# What this task involves:
In the entries that follow, find the line containing "2.2、表单【考勤签到】字段及表单属性设置" and the line containing "中国新经济企业500强(a)与中国企业500强(b)类型比较", then retype exactly the lines from the first through the second, pictures excluded.

# Exercise materials:

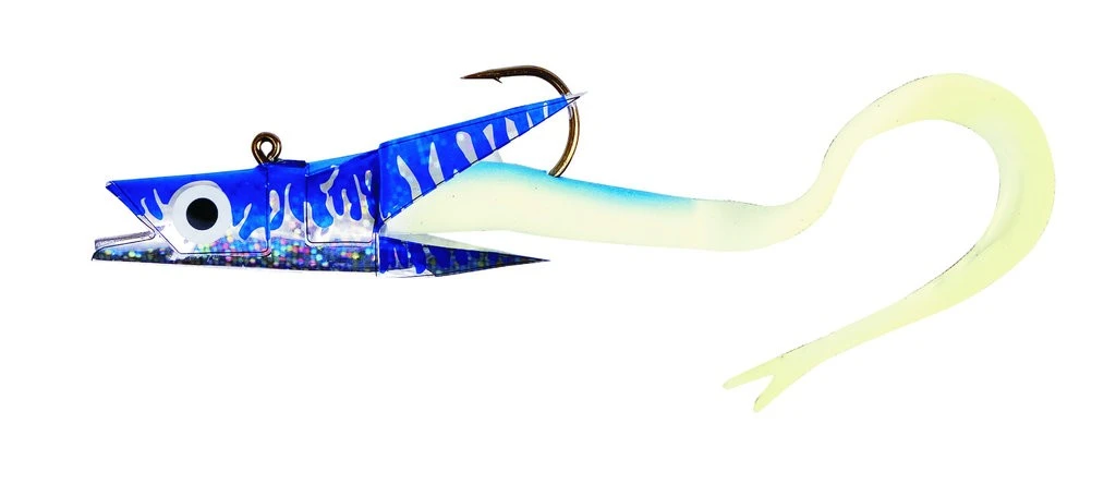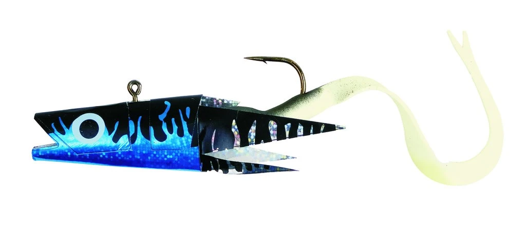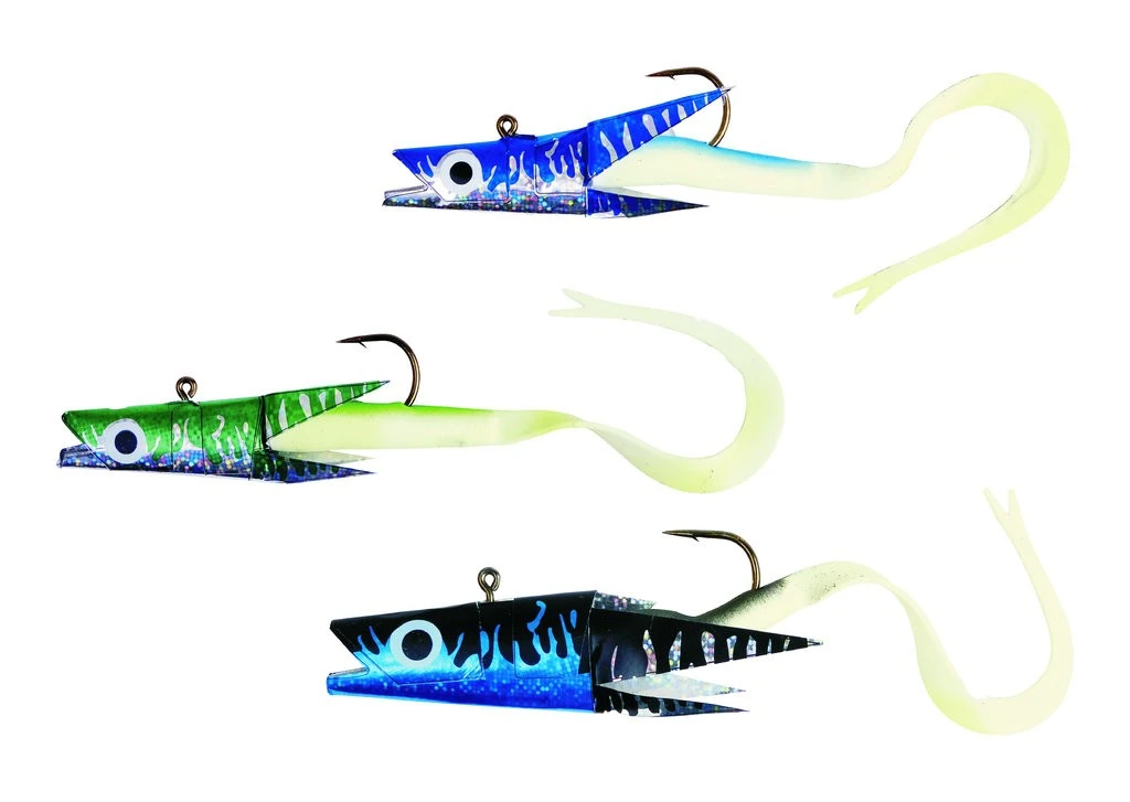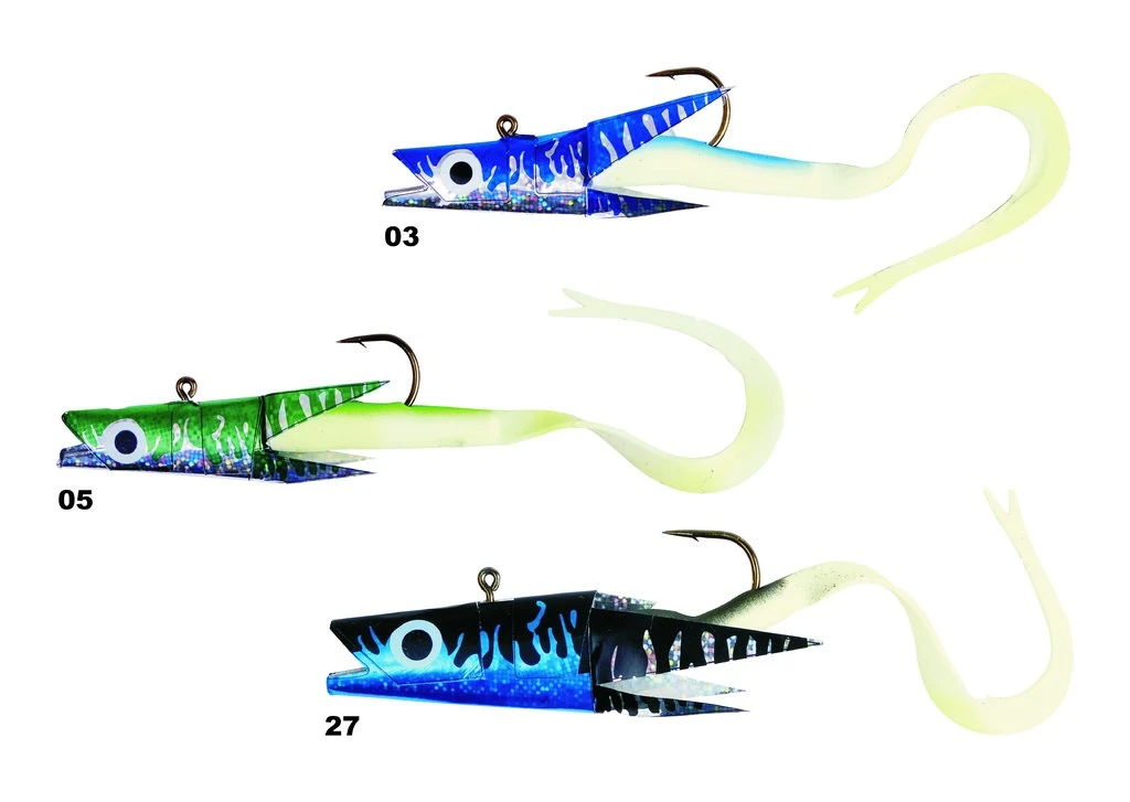 Dieser Gummiköder wurde speziell für Pollack, Dorsch und Seebarsch entwickelt, aber auch Seelachs und andere Räuber sind diesem Köder nicht abgeneigt. Der glänzende Körper und der leuchtende Schwanz mach diesen Köder unwiderstehlich. Die großen Augen tun ihr übriges dazu. Dieser Köder ist in 3 Farben und Gewichten verfügbar. Die Modelle mit 30g und 50g beistzen eine Hken der Größe 5/0. Das Modell 90g hat einen Haken der Größe 9/0.
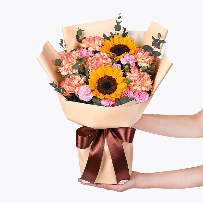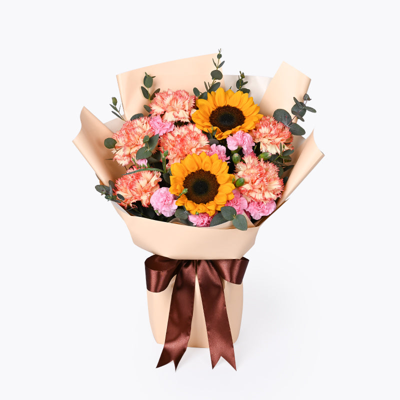 For a love that knows no bounds - our Beaming Love flower bouquet, brimming with bright carnations and sunflowers, as wonderful as that special someone! Put a smile on their face with the perfect gift, made to celebrate all that they are!
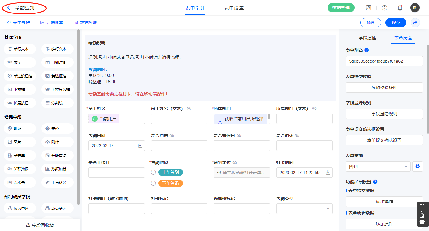 2.2、表单【考勤签到】字段及表单属性设置
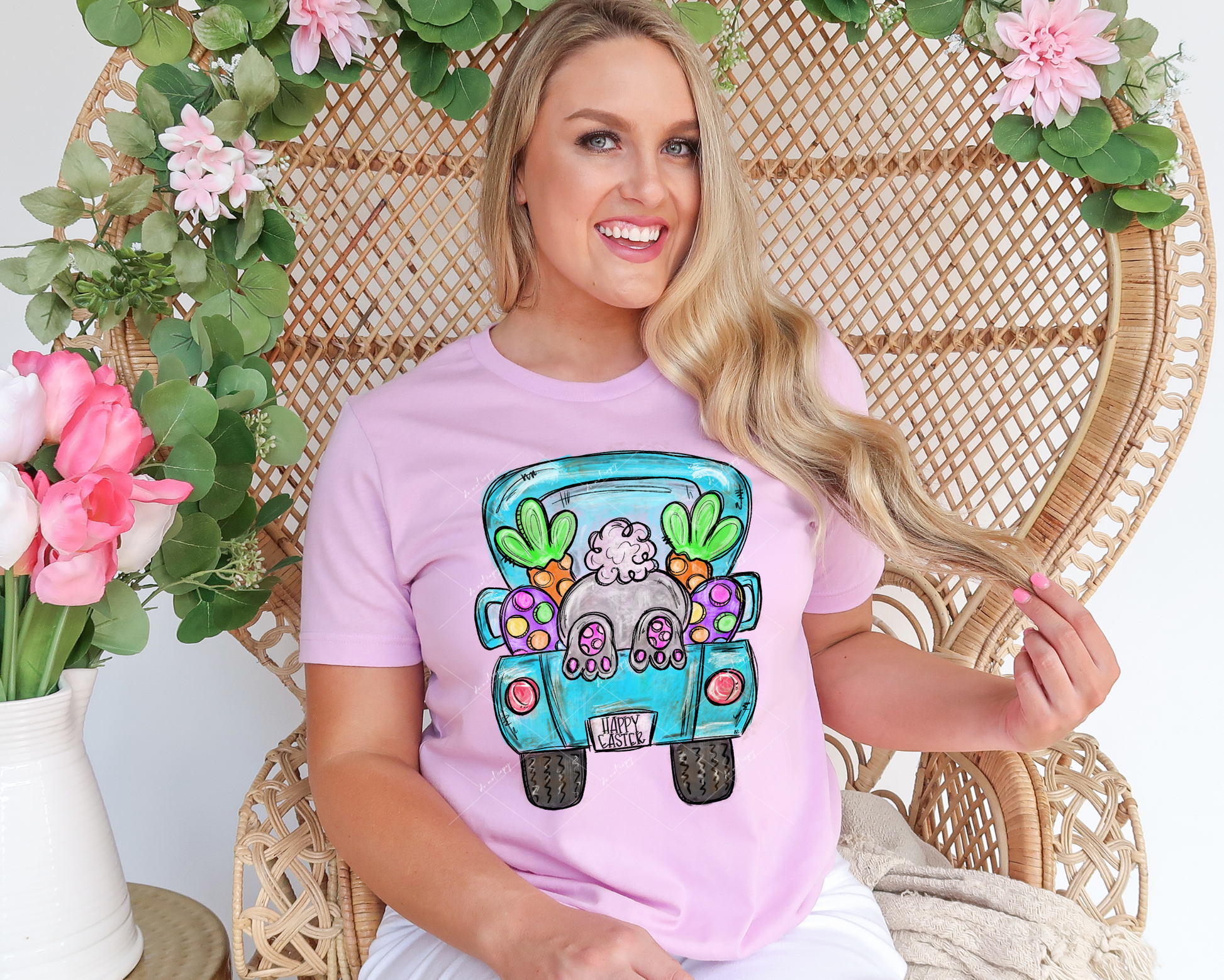 Happy Easter, bunny butt, carrots, easter eggs in back of blue pickup truck 112703 DTF TRANSFER
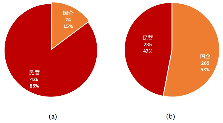 中国新经济企业500强(a)与中国企业500强(b)类型比较
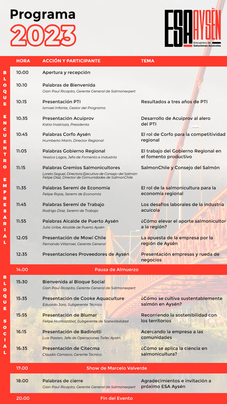 La feria de proveedores ESA Aysén 2023, Encuentro de Soluciones Acuícolas, se realizó con éxito con más de 500 asistentes, potenciando a las Pymes locales a través de 20 stands donde pudieron reunirse con productores de salmón y autoridades, además, se logró educar a estudiantes y a la comunidad sobre esta importante y creciente industria. Conoce a las 20 empresas de la Región de Aysén, que estuvieron presentes con stand el martes 1 de agosto de 2023, en el Polideportivo de Aysén.
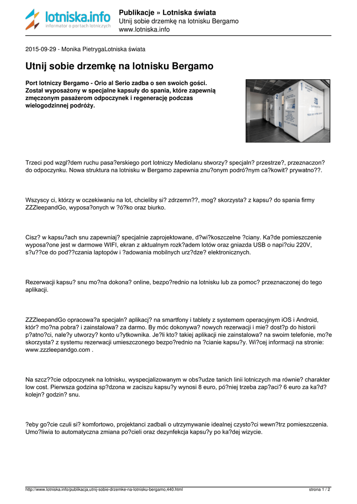 Utnij sobie drzemkę na lotnisku Bergamo - Publikacje

# Exercise response:
 2.2、表单【考勤签到】字段及表单属性设置
 Happy Easter, bunny butt, carrots, easter eggs in back of blue pickup truck 112703 DTF TRANSFER
 中国新经济企业500强(a)与中国企业500强(b)类型比较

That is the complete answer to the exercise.